> _DIRECTIONS_
Please reproduce the data exactly, though every picture must stay out.

*** PROVIDED ENTRIES Section Begins ***

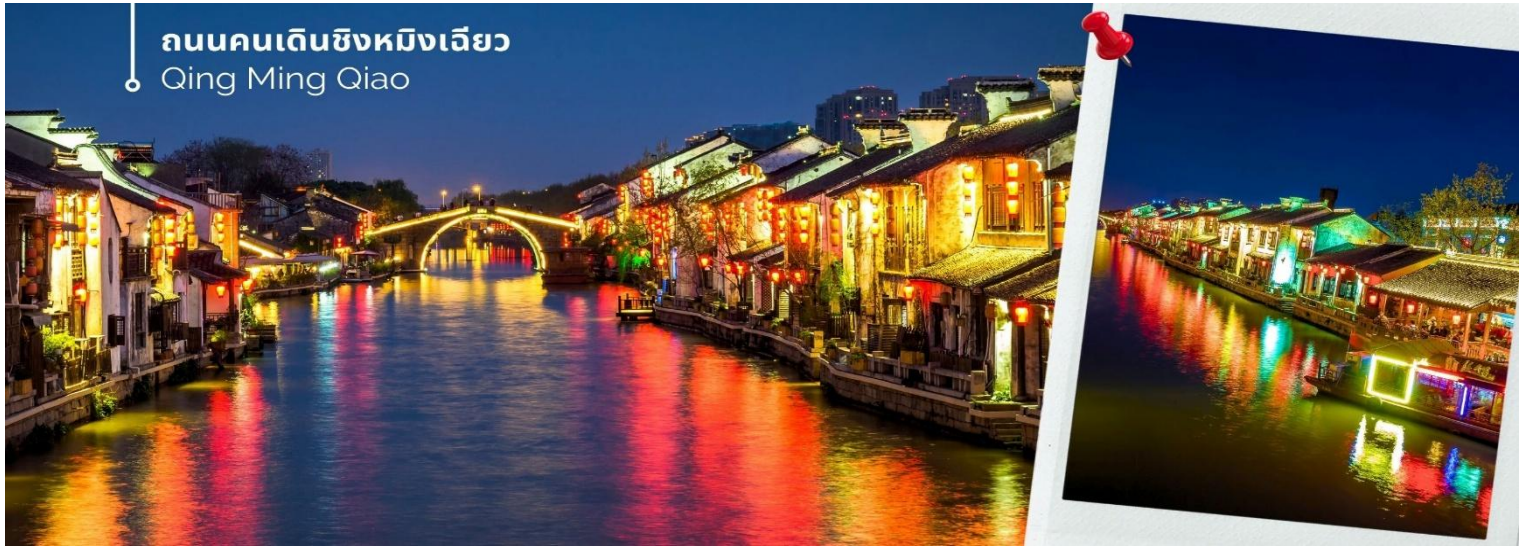
ถนนคนเดินชิงหมิงเฉียว Qing Ming Qiao

จากนั้นให้ท่านเดินชมบรรยากาศพื้นเมืองโบราณของ ถนนคนเดินชิงหมิงเฉียว เราจะได้เห็นบรรยากาศ บ้านเรือนสไตล์จีนโบราณ ร้านค้าต่างๆ ที่ขายสินค้าพื้นเมือง เสื้อผ้า ขนม ของประดับตกแต่ง ของฝาก ของที่ระลึกสวยๆ ให้เดินดูกันอย่างเพลิดเพลิน
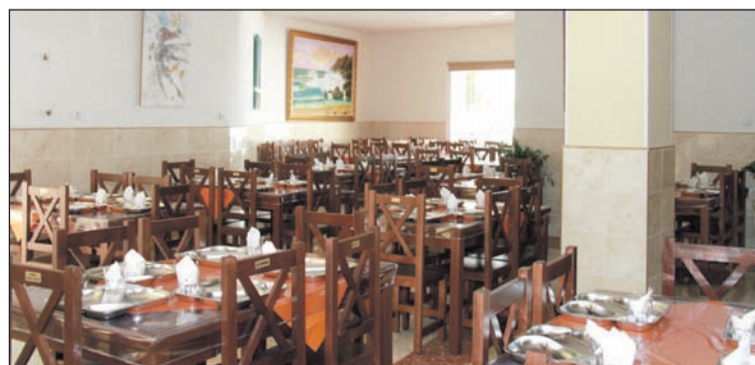
Nuevas instalaciones con las que cuentan los Ángeles Malagueños de la Noche.
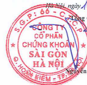
Nguyễn Chí Thành
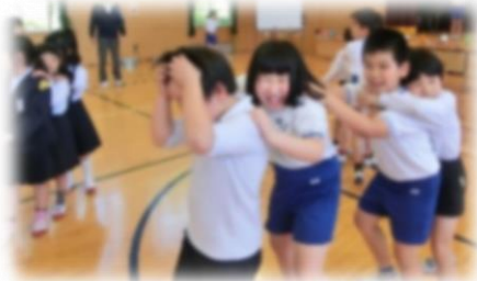
【児童主体の集会活動】
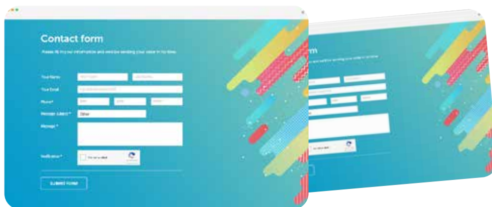
Crear Formularios de contacto
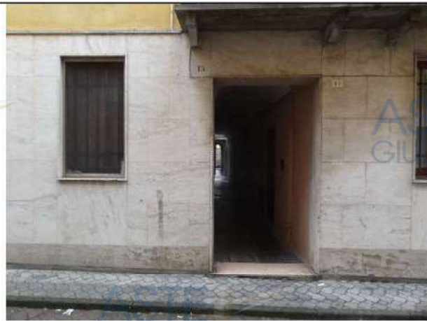
Accesso pedonale da Via Matteotti n. 15
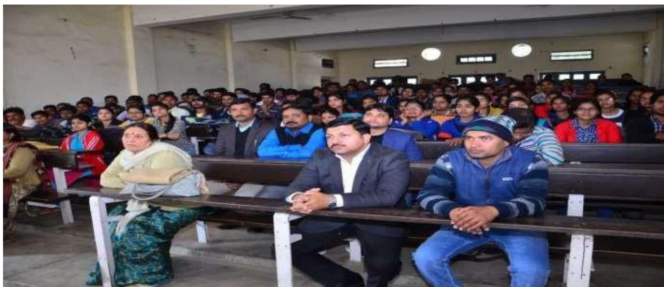
Brochure and Photographs during the Programme
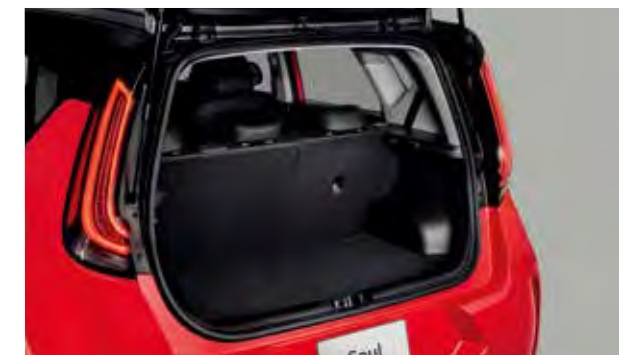
Cajuela con piso de dos niveles
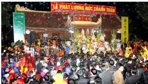
Hình 1.2. Lễ hội phát lương Đền Trần Thương (xã Trần Thương)

Di sản văn hoá phi vật thể ở Ninh Bình là hệ thống các giá trị tinh thần được hình thành trong quá trình lịch sử, gắn liền với đời sống của các cộng đồng dân tộc cư trú lâu đời trên địa bàn tỉnh. Những di sản này phản ánh trình độ sáng tạo, bản sắc văn hoá đặc trưng của con người Ninh Bình và được nhân dân gìn giữ, lưu truyền, bảo tồn, phát huy qua nhiều thế hệ.
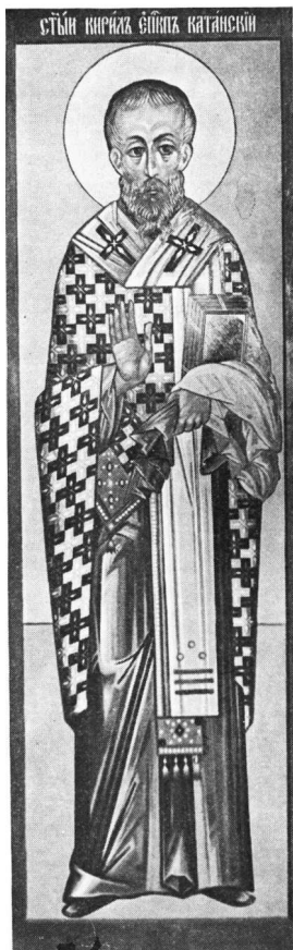
Εἰγ. 2. Ἡ εἰκὼν τοῦ ὁσίου Κυρίλλου

ἀμφίον καὶ Εὐαγγέλιον. Μὲ τὴν δεξιάν χεῖρα εὐλογεῖ μὲ ἀνοικτὴν τὴν παλάμην. Κατ' αὐτὸν τὸν τρόπον ἀναπαρίστανον συνήθως εἰς τὰς εἰκόνας τοὺς ἁγίους Πατέρας τῆς Ἐκκλησίας, ὡς τὸν Μέγαν Βασίλειον, Ἰωάννην τὸν Χρυσόστομον, Γρηγόριον τὸν Θεολόγον, Κύριλλον Ἀλεξανδρείας κ.ά. Ὡς ὁδηγὸς διὰ τὸν S. Bykadoγον ἐχρησίμευσε τὸ εἰκονογραφικὸν πρότυπον τοῦ Stroganov τοῦ τέλους τοῦ 16ου καὶ ἀρχῶν τοῦ 17ου αἰῶνος, ὅπου ὑπὸ ἡμερομηνίαν 14 Φεβρουαρίου ἀναγινώσκομεν: «τοῦ ἁγίου πατρὸς Κυρίλλου τοῦ Φιλοσό-
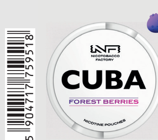
23483300 Cuba White 16mg Forest Berries Q 10 ks / balení
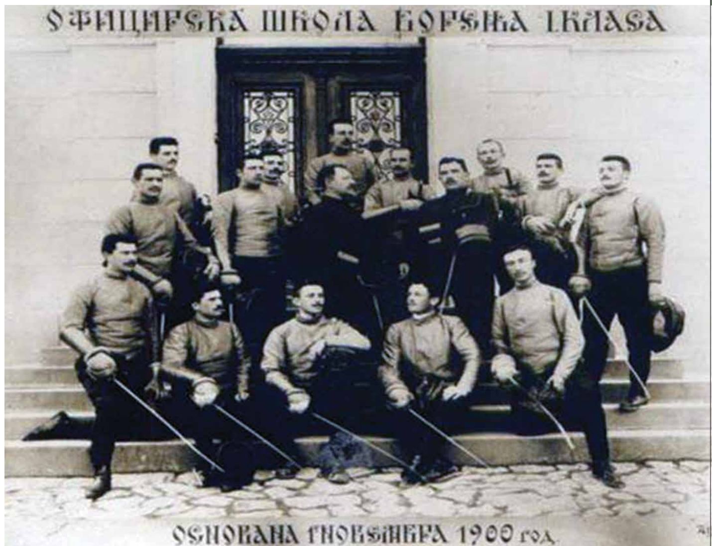
Полазници 1. класе Официрске школе бојења 1900. године
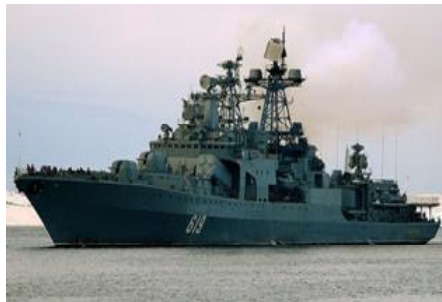
Флагман отряда кораблей «Североморск»

Посетили военные моряки и наш новоземельский архипелаг. Надо сказать, что это уже не первый заход десантных кораблей в Белушью Губу. Помнится день 3 ноября 2013 года, когда в целях военно-патриотического воспитания учащиеся нашей средней школы впервые вступили
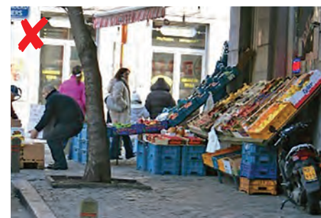
☹ De stal is te breed op het trottoir waardoor voetgangersverplaatsingen moeilijk zijn.

*** PROVIDED ENTRIES Section Ends ***

> _EXERCISE RESPONSE_
ถนนคนเดินชิงหมิงเฉียว Qing Ming Qiao

จากนั้นให้ท่านเดินชมบรรยากาศพื้นเมืองโบราณของ ถนนคนเดินชิงหมิงเฉียว เราจะได้เห็นบรรยากาศ บ้านเรือนสไตล์จีนโบราณ ร้านค้าต่างๆ ที่ขายสินค้าพื้นเมือง เสื้อผ้า ขนม ของประดับตกแต่ง ของฝาก ของที่ระลึกสวยๆ ให้เดินดูกันอย่างเพลิดเพลิน
Nuevas instalaciones con las que cuentan los Ángeles Malagueños de la Noche.
Nguyễn Chí Thành
【児童主体の集会活動】
Crear Formularios de contacto
Accesso pedonale da Via Matteotti n. 15
Brochure and Photographs during the Programme
Cajuela con piso de dos niveles
Hình 1.2. Lễ hội phát lương Đền Trần Thương (xã Trần Thương)

Di sản văn hoá phi vật thể ở Ninh Bình là hệ thống các giá trị tinh thần được hình thành trong quá trình lịch sử, gắn liền với đời sống của các cộng đồng dân tộc cư trú lâu đời trên địa bàn tỉnh. Những di sản này phản ánh trình độ sáng tạo, bản sắc văn hoá đặc trưng của con người Ninh Bình và được nhân dân gìn giữ, lưu truyền, bảo tồn, phát huy qua nhiều thế hệ.
Εἰγ. 2. Ἡ εἰκὼν τοῦ ὁσίου Κυρίλλου

ἀμφίον καὶ Εὐαγγέλιον. Μὲ τὴν δεξιάν χεῖρα εὐλογεῖ μὲ ἀνοικτὴν τὴν παλάμην. Κατ' αὐτὸν τὸν τρόπον ἀναπαρίστανον συνήθως εἰς τὰς εἰκόνας τοὺς ἁγίους Πατέρας τῆς Ἐκκλησίας, ὡς τὸν Μέγαν Βασίλειον, Ἰωάννην τὸν Χρυσόστομον, Γρηγόριον τὸν Θεολόγον, Κύριλλον Ἀλεξανδρείας κ.ά. Ὡς ὁδηγὸς διὰ τὸν S. Bykadoγον ἐχρησίμευσε τὸ εἰκονογραφικὸν πρότυπον τοῦ Stroganov τοῦ τέλους τοῦ 16ου καὶ ἀρχῶν τοῦ 17ου αἰῶνος, ὅπου ὑπὸ ἡμερομηνίαν 14 Φεβρουαρίου ἀναγινώσκομεν: «τοῦ ἁγίου πατρὸς Κυρίλλου τοῦ Φιλοσό-
23483300 Cuba White 16mg Forest Berries Q 10 ks / balení
Полазници 1. класе Официрске школе бојења 1900. године
Флагман отряда кораблей «Североморск»

Посетили военные моряки и наш новоземельский архипелаг. Надо сказать, что это уже не первый заход десантных кораблей в Белушью Губу. Помнится день 3 ноября 2013 года, когда в целях военно-патриотического воспитания учащиеся нашей средней школы впервые вступили
☹ De stal is te breed op het trottoir waardoor voetgangersverplaatsingen moeilijk zijn.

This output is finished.